As you jump to attitude front plié, be sure to count 4, 5, 6 because next, as the same music repeats, you begin counting one beat for every two counts 4 1/2 times, as you do a step that looks basically like you are, well, doing a gigue, turning around yourself 3-4 times before finishing it out with a 1, 3, 4, 5 hold six.  Jump on one with your feet flexed, land on four, pose on five, and repeat a few times making a large semi-circle before catching back up to the swing of the 6/8 for the nice balancé step.

At this point, your focus turns to your legs as Balanchine turns his focus to larger phrases within the music of the second half of Mozart’s Little Gigue. Step phrases begin to last two bars, and you look at a bigger picture of repeating phrases building. This is why you have to focus on your legs: the larger jumps begin, and your legs begin to burn, which is why you make sure you are breathing. Balanchine gets into the heaviness of it all and emphasizes the one of each triplet: which means you are landing from jumps in a low plié now for the majority of the dance. You fly downstage on a diagonal as if pushing through a gentle barrier; you kick away imaginary obstacles (or the real obstacle of your stamina) to return to the level of elegance that preceded in the first section, as well as the syncopation.

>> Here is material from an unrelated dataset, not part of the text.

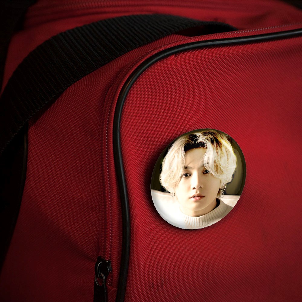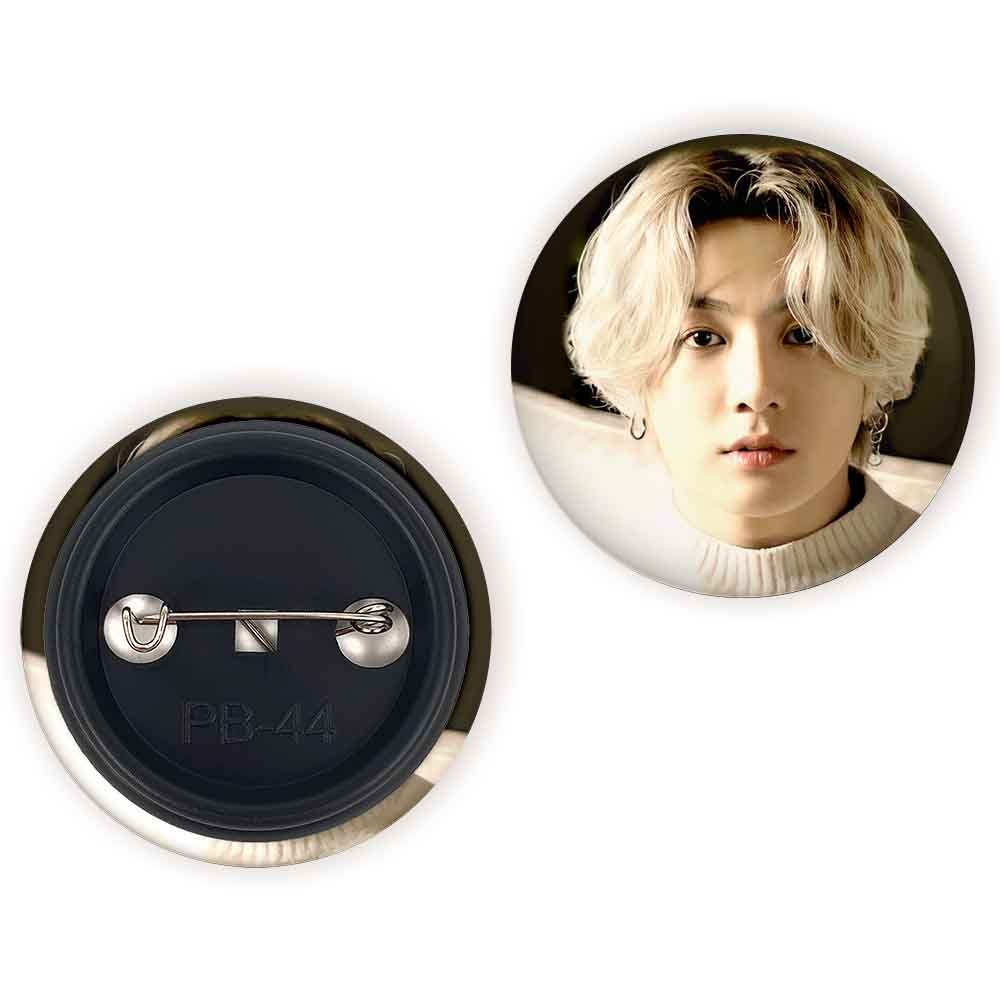 پیکسل 44 میلی متری جونگ کوک Jungkook گروه بی تی اس BTS خندالو با روکش سلفون حرارتی مات مخملی ضدخش و قطعه پشتی رنگی تولید شده است.پلاستیکی پشت پیکسل با سوزن یک تکه ثابت و بدون لغزش و جا به جایی، ایستایی بسیار بهتری نسبت به پشتی فلزی پیکسل دارند که این مهم در تولید این محصول نیز رعایت شده است.

And that’s the real beauty of this dance: it’s two minutes and fifteen seconds of the present. There’s no time to be anywhere else because you are thinking constantly, living in the moment. It’s only you out there. The more you rehearse this dance, the less thinking you have to do, but ultimately you are executing a dance of extreme precision, while testing your strength, musicality and stamina. When you come forward at the end for sixteen small jumps counting one-two for each one and ending in a surprise sissonne to the knee, you don’t bow, but stay there, still. Four women enter behind you and begin to dance. You can’t see them at first, but you know they are there behind you. You are still in the moment, because there is nowhere else to be, you can just breathe as you exit and cede the floor to the next twenty minutes of joyful, reverent musicality.